I went to school for film theory. Nothing hands on. When I got out of school I started freelance writing and producing short form and commercials. That led to a couple opportunities to direct, which I felt comfortable with. Since The Archive I have mainly been directing.

How does the life of an artist look like?

What is The Archive about?
The Archive is a short story about a man and his record collection. It is a love/hate relationship.

Where did you get the idea for The Archive from?
I had wanted to shoot something about vinyl for a while, then I read Pauls story on the internet and it really spoke to me. I could picture the whole thing in my head before I even met him.

The Archive has a very unique atmosphere, was this on purpose, and if so, how did you manage to create and maintain this atmosphere throughout the film?
Yes. The second I set foot in Record Rama I knew the whole film had to take place there. It is big and dark, lots of hidden little areas. It is green and blue and yellow. Its dusty and disorganized. The whole place smells like an old pile of records. And then out comes Paul. He is like the troll that guards the bridge. A bit angry and protective at first, but he warms up to you.

Right away I knew it would be distracting to take the viewer out of this setting. I really wanted an exterior of the place but instead I chose to show a B&W still when he mentions the name of the store.

We really let the atmosphere speak for itself. We used very few lights and didn’t move anything around, just shot it like it was. I wanted the camera to remain static as much as possible, I thought that reflect the stagnant nature of the place.

I wanted Paul to be the protagonist and the store/collection to be the antagonist. So we tried to shoot it that way.

Could you explain how you work, your method or style, and what’s important to you?
This is kind of a tough question for me simply because I rarely sit down and think about my "method". Usually I am just doing what feels natural or appropriate for the film. Each film is unique and must be thought of that way. I think I would be doing my subjects and my audience a disservice if I approached each film the same way. Instead I try to adapt and think about the most effective way to tell each story, approach each film with fresh eyes.

What is most important to me is that the audience is left feeling something. I want to elicit emotion and leave a lasting impact. I guess that’s what any "artist" would say, but it is really true.

I try to stress visuals as much as story. I think often times with documentary, style is sacrificed in favor of substance. I don’t think either has to be or should be sacrificed. Why not tell a great story that is also visually compelling? Audiences are way more savvy these days and they want the whole package, and you gotta give the people what they want.

Do you improvise a lot during the work process?
Of course. You are kind of forced to improvise in documentary. As much as you try to plan the day and control your surroundings inevitably something is going to happen that throws you off. I tend to try and work with that as much as possible. Keep the interview loose, not force it in any direction right away. Let your subject speak and just listen to them. Eventually they’ll hit on something that you can use.
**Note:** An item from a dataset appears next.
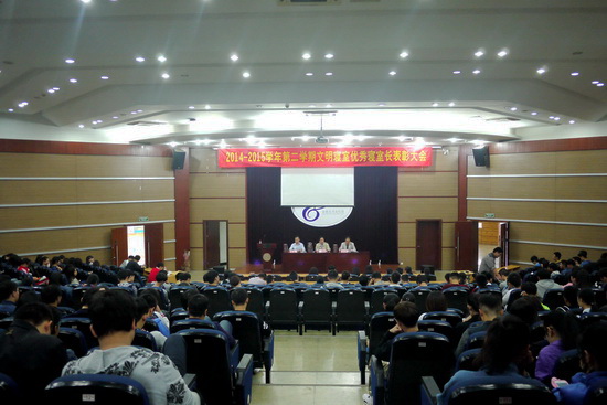 10月29日中午,我院2014-2015学年第二学期文明寝室、优秀寝室长表彰大会在信息楼报告厅隆重举行。学院副院长刘志华出席大会并作重要讲话,学工部、团委负责人,各系党总支书记、辅导员代表、班主任代表、公寓管理部门代表和学生代表共400多人参加了表彰大会,后勤服务中心主任竺波主持会议。

What equipment do you use?
All different kinds of equipment. That’s kind of a boring question for a director, something a DP might be more excited to talk about. I always tell people that its the wizard that captures the magic, not the wand.
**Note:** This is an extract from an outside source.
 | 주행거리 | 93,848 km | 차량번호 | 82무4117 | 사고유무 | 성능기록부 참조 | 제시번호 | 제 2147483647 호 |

Can you give an example of some struggles/problems you faced during this work?
My DP and I were out in Pittsburgh shooting some commercial spots. They were long days. The idea was to stop and shoot The Archive after we wrapped our paid gig. By the time we got to Record Rama we were both pretty worn out. He was forced to drink Mountain Dew to get through the day. He really took one for the team. For this reason, I will always be indebted to him.